# HELP! Plastisol Heat Transfers Peeling off Shirt



## lovely_laura_01 (Oct 9, 2008)

Hi,
I am having trouble with heat transferring plastisol ink. I can't seem to get it jelled correctly and when i think i got it jelled correctly and make a bunch and come back about 3-4 weeks later to print, the ink will just peel off the shirt after being pressed.
I pre pressed shirt for about 5 secs. With Med-heavy pressure i press at 350 degrees for 15 secs and it is a cold peel so i wait till it is cool to peel off.

I am especially having problems with this ink:
*PADM *Union Ink PADM
*Maxopake Plastisol High Opacity Ink (PADM)
Bright Cotton White.*
I originally bought this ink when i was just doing direct screen printing. 

When i screen print my transfer paper, cure to it is jelled and then heat press right after i seem to get better results than when i wait a few weeks before i heat press a shirt.

And ideas what might be wrong? Do i have the wrong ink? Should i purschase an additive to help the ink stick better?

Any info would be helpful...
Thank You!!!


----------



## wormil (Jan 7, 2008)

It's been fifteen years since I printed transfers so I'm rusty to say the least. You're probably overcuring. Until you are more experienced printing transfers, test them while the press is still set up so that you can experiment with time & temp settings. There are adhesive powders you can buy to improve adhesion but I'm guessing you're overcuring.


----------



## splathead (Dec 4, 2005)

If you have a temperature gun, gelling occurs at 250 degrees. 

How are you storing the transfers? If they work fine right after printing, but don't work later, are they around a heat source that might be curing them even more?

I would increase your press time to 20 seconds on the transfers you have left and see if that is long enough to melt the ink.


----------



## lovely_laura_01 (Oct 9, 2008)

We are just storing them in our work closet.

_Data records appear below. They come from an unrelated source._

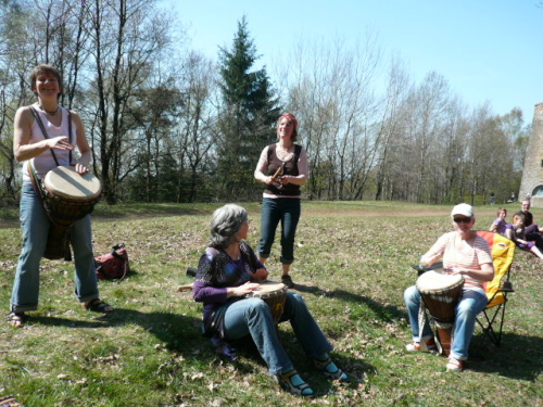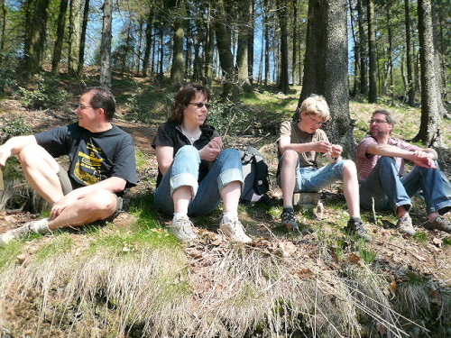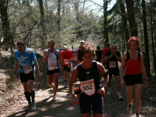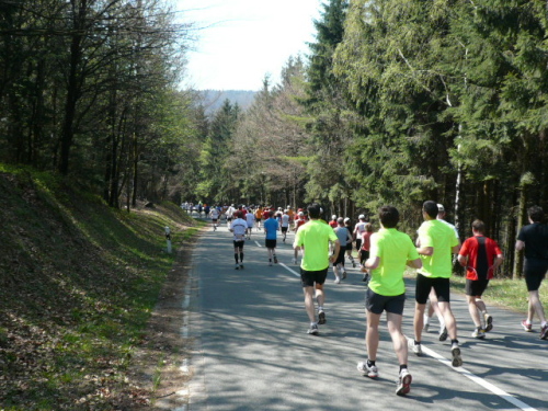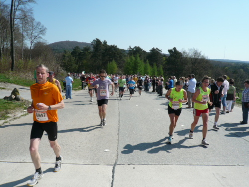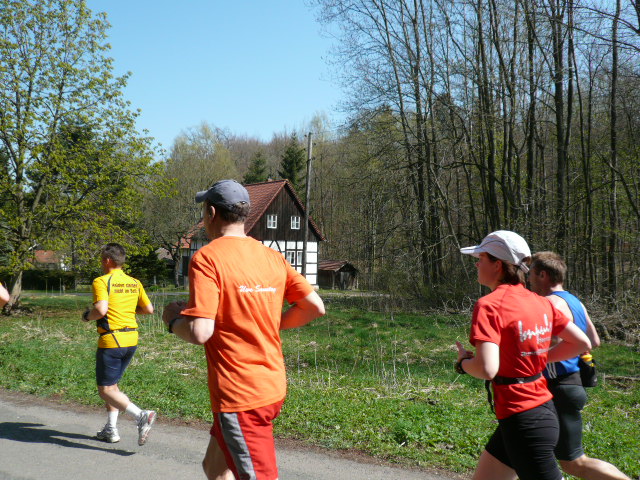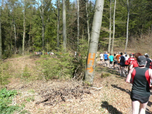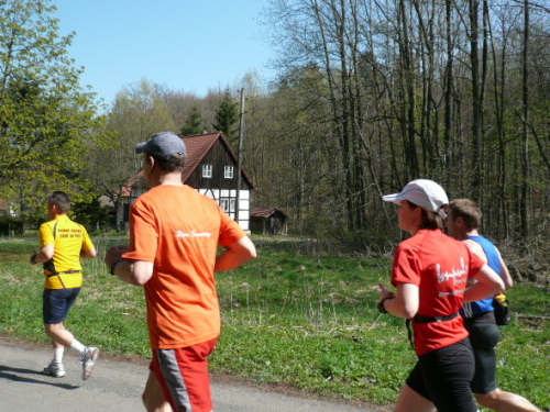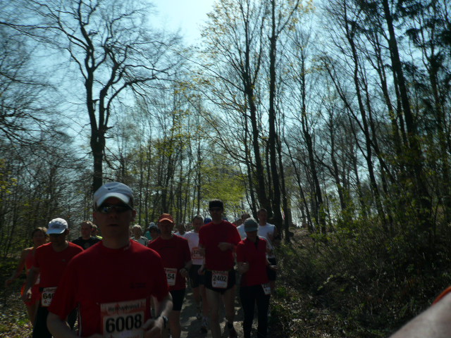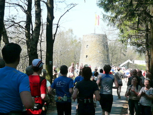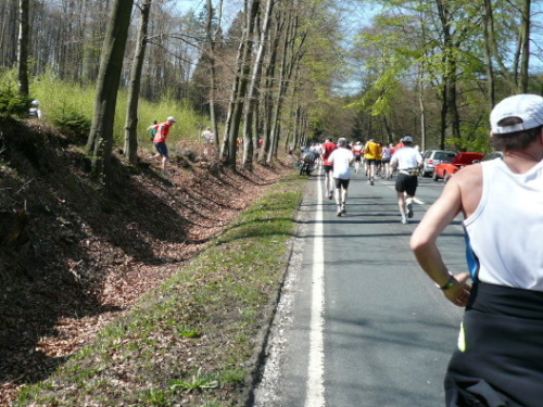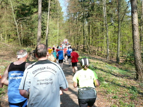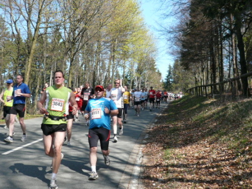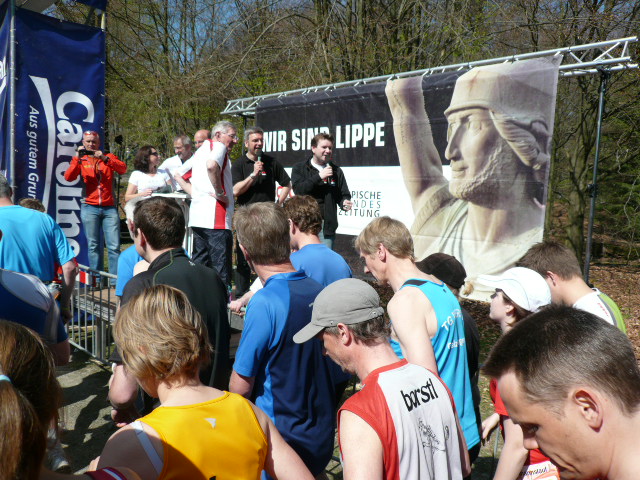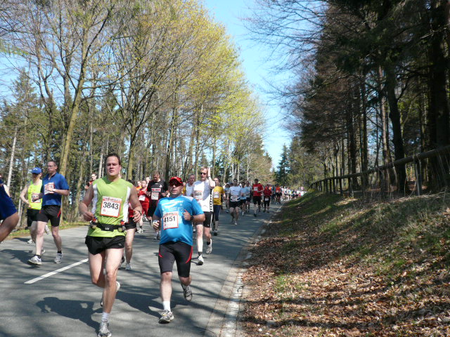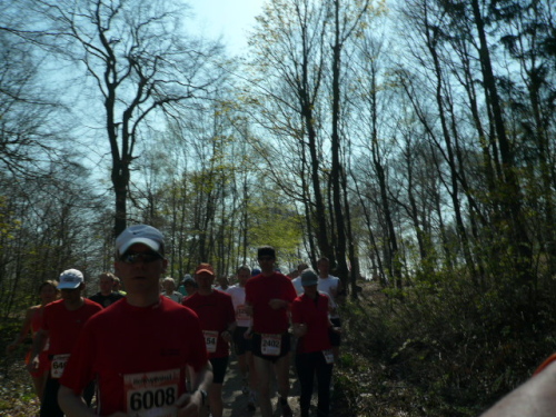 Ich registriere erfreut, daß ich inzwischen die Hälfte geschafft und somit im wahrsten Sinne des Wortes Bergfest habe und liege mit 1:25 Std. sehr gut in der Zeit, da kann ich nicht meckern. Wie gewonnen, so zerronnen: Wie wir uns nach oben geschleppt haben, geht’s jetzt wieder hurtig nach unten. Unterwegs wird noch bei 18,4 km zum dritten Mal (offiziell) Verpflegung aufgenommen und schon sind wir in Oerlinghausen. Landschaftsläufe habe ich ja schon viele mitgemacht, aber so etwas habe ich noch nicht erlebt: So klein das Dorf ist, so viele Zuschauer (natürlich auch wieder meine Fans) stehen hier auf einer gut beschallten Partymeile. Hier steppt der Bär! Da läßt sich auch das ansonsten unangenehme Kopfsteinpflaster ertragen. Viele laufen in den links und rechts davon verlegten Regenrinnen.
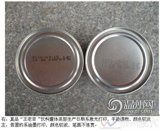 工商人员提醒,涉案假冒“王老吉”罐装凉茶与真品在口感上极为相似,且外包装也完全仿制真品包装,仅有细微区别:一是假冒“王老吉”凉茶味浓、口感较差、液体颜色较黑;二是封口拉环处,真品“王老吉”三字为激光雕刻,笔画清晰可见,字体背面无凹凸感,假冒的则是用字模敲打上去,笔画模糊、粗糙,字体背面有凹凸感;三是真品“王老吉”饮料罐体底部生产日期系激光打印,字迹清晰、颜色较淡,假冒的系油墨打印,颜色较浓、笔画不连贯;四是真品“王老吉”凉茶外包装箱的批次和易拉罐罐体底部的批次一致,而此次查获的假冒“王老吉”凉茶外包装箱上无产品生产批号。
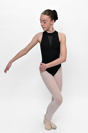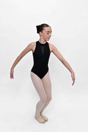 A standout staple for every dancer’s wardrobe, the Gracie Leotard blends bold structure with elegant mesh detailing. The high neckline and plunging mesh V-panel create a striking silhouette from the front, while the back reveals a sophisticated keyhole cut-out framed by mesh and a secure clasp closure. Designed in a premium stretch fabric for a flawless fit and lasting comfort.
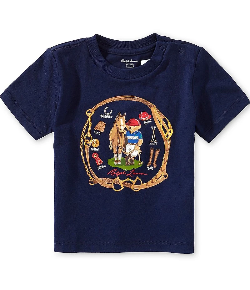 From Ralph Lauren, this t-shirt features: Crew neckline Short sleeves Polo Bear, a horse, equestrian-inspired graphics, and “Ralph Lauren” script printed at the center front Sizes 3–12 months have a two-snap placket at the left shoulder Cotton jersey Machine wash/tumble dry Imported.
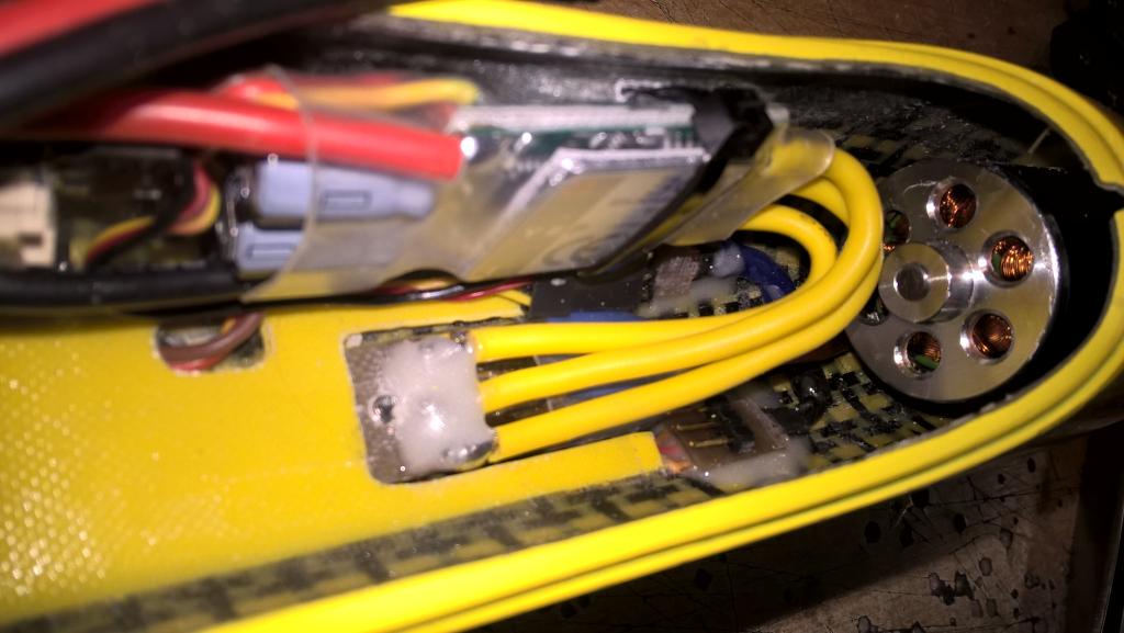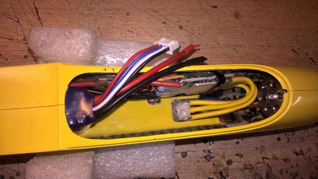 Tezko radit. Prijde mi divne, ze ti vysly ty draty nahoru do kabinky. Ja mam osu motoru sklonenou dolu, takze naopak mam mnohem vice mista na elektrarnu pod motorem a ne nad nim. Diky tomu, mam cast ESC zasunuty pod motorem (co ty tak jako tak udelat nemuzes, pac mas obezku). nicmene zacal bych asi tim, aby draty od motoru vedly spodkem trupu. Pak se da ESC pripajet hodne blizko motoru a baterka se pak pres nej da pohodlne zasunout do motoru. Kdyz jsem jeste v MC pouzival CC 50 (musel jsem zmenit, nebot mi v calculatoru vysle mnohem nizsi prikon, nez pak byla realita a musel jsem dt silnejsi ESC), tak jsem mel kabely z motoru napajene primo do ESC a jeste sejdrem (spatne se to vysvetluje), abych usetril co nejvice mista.
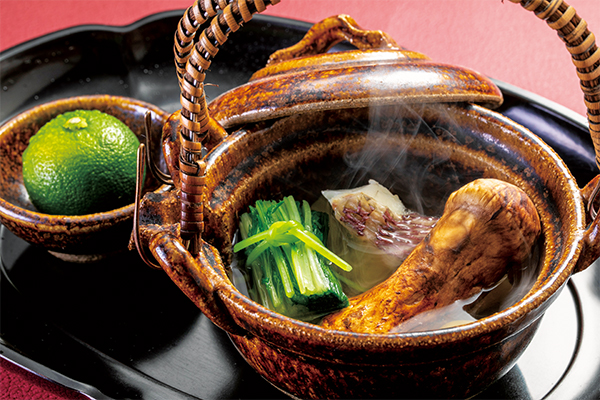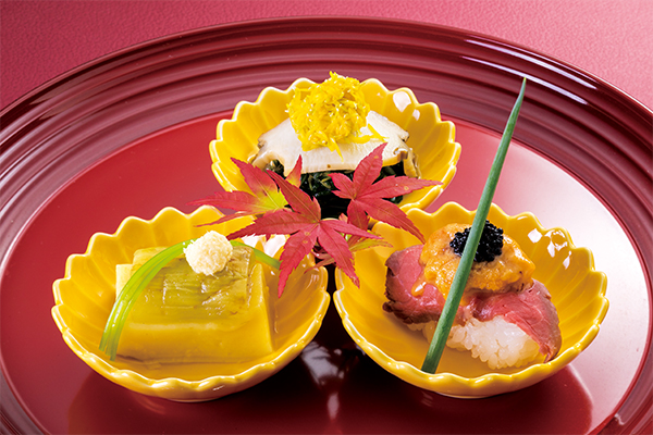 先付けは、相州牛の旨味たっぷりのもも肉をローストして生うにとキャビアをトッピングした牛寿司、煮鮑を乗せた松茸と菊菜のお浸し、茄子の葛寄せが食卓に秋の彩りを添えます。椀物は定番の、滋味深い松茸と鯛の土瓶蒸しをどうぞ。
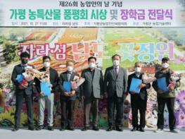 [한국뉴스타임=명기자] 가평군농업기술센터에서는 농산물 품평회 시상 및 장학금 전달식을 10월 27일 자라섬 남도 야외 행사장에서 개최했다.
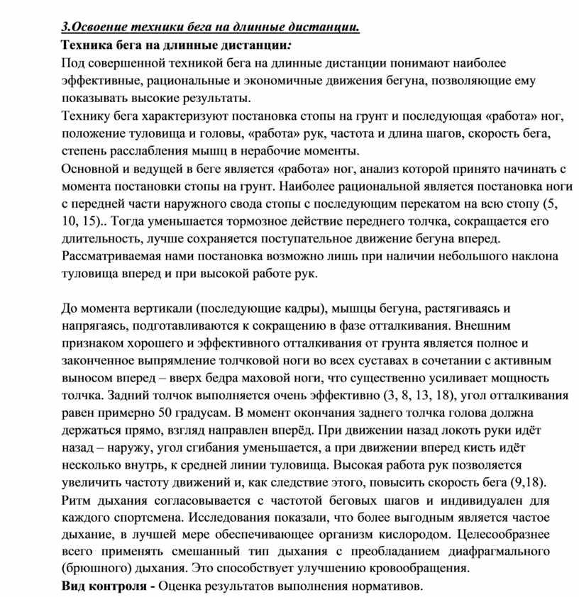 3.Освоение техники бега на длинные дистанции. Техника бега на длинные дистанции:
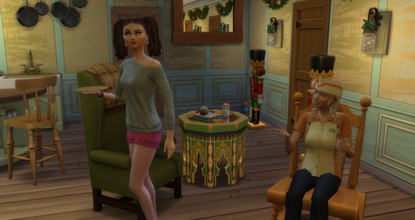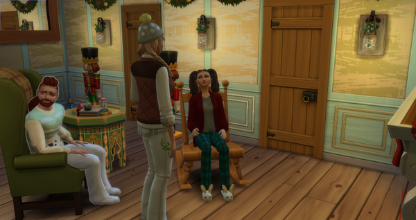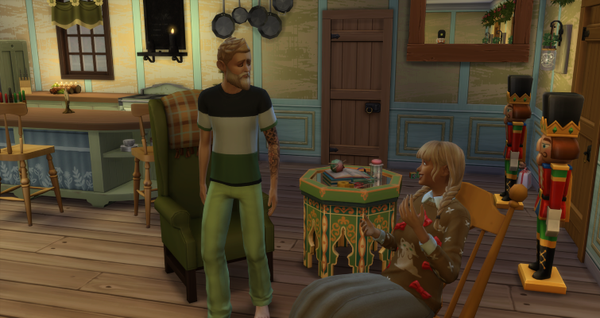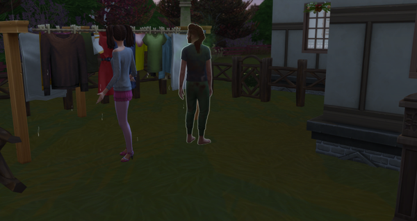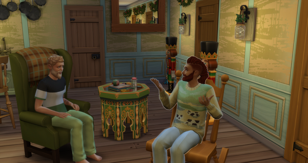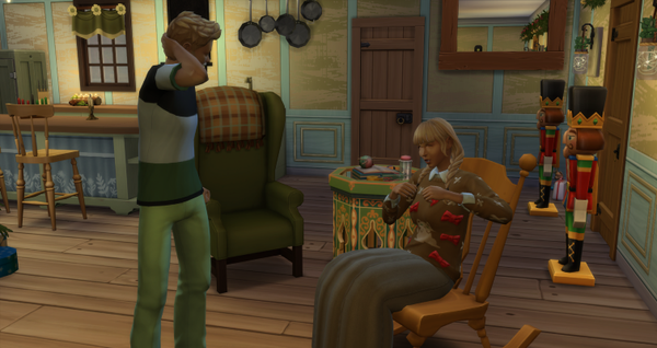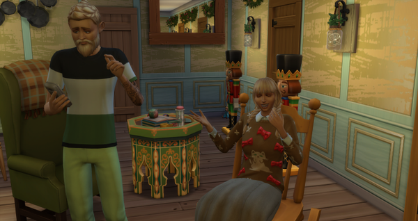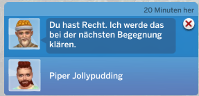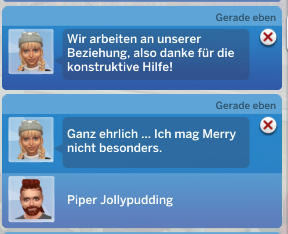 Ich sah meine Partyabende davon fliegen. Etwas resigniert lehnte ich mich im Schaukelstuhl zurück. Laaaaannngweilig! Kein Wunder fliegen hier die Fetzen zwischen den beiden. So war wenigstens etwas hier los, wenn auch nicht das, was ich mir vorstellte. Mistle versuchte es wieder mit verdeckter Gesprächstherapie bei Peper. Aber die war scheinbar so froh, darüber, dass wenigstens ein Sim mit ihr versucht normal zu reden.
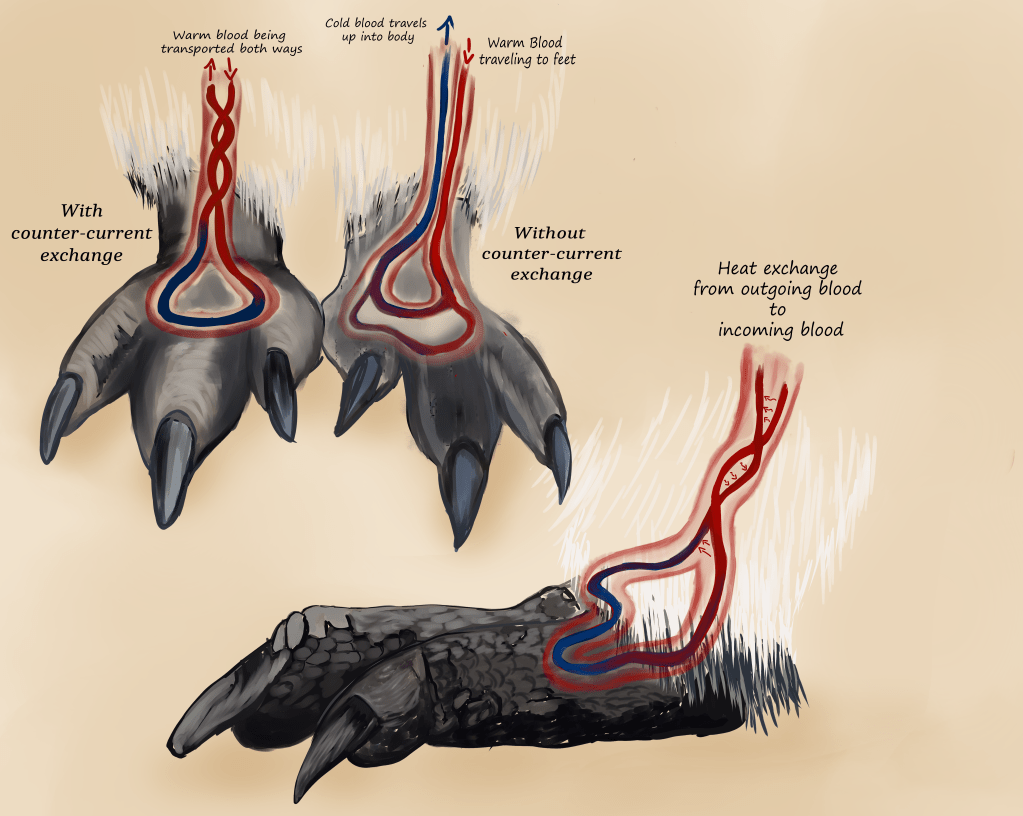 There’s a certain saying from a book of Wintersmiths, “If you want something done, give it to someone who’s busy.” A penguin’s body is a busy place. Efficiency and laziness is key. Cold blood from the feet can ruin the delicate equilibrium of homeostasis. Penguins entwine the accusatory veins with warmer veins from the heart, enabling the transfer heat, that will be lost anyway, to the cold veins. Counter-current heat exchange ensues the feet are fed just enough warm blood to stay above freezing. Thermal convection will deal with the rest. Keeping the outer layer of feathers cold, while the skin and downy layer are warmed by the body creates small waves of convection currents between the cold outer layer, enabling penguins to absorb back some of the cycling heat that’s being lost through the feathers before it cycles away again. Like waves depositing pebbles on a beach. I’ve come over all poetic, so to counter this.

There is no other heat source that would be making them hotter while being stored. I did notice that right after we made them and let them cool down a bit before storing them they were a still a little tacky (could not set them one on top of another). Then like the next day or so just from air drying, they were not tacky anymore and i could then stack them one on top of each other. I also read on another posting that you should be able to rub the ink off the transfer and it should be like a rubbery substance. It does that with the royal blue ink i have that is union ink for transfers but when i do it with the white ink i am having trouble with it doesn't. It is tacky but just rubs off not really like a rubbery substance.


----------



## splathead (Dec 4, 2005)

I wonder if you should get a quart of Union's white transfer ink (Transopake) and test that.


----------



## lovely_laura_01 (Oct 9, 2008)

That is kind of what i was thinking. It was either buy the Union Plus 9040 additive they recommend for high opacity maxopake union ink for transfers or just buying some white ink made for doing transfers.


----------



## lovely_laura_01 (Oct 9, 2008)

Another question:

I am only printing on cotton or 50/50 blend apparel. Should i buy an additive to mix in my inks to help it hold better and wash better? 

Thank You!!


----------



## splathead (Dec 4, 2005)

lovely_laura_01 said:


> Another question:
> 
> I am only printing on cotton or 50/50 blend apparel. Should i buy an additive to mix in my inks to help it hold better and wash better?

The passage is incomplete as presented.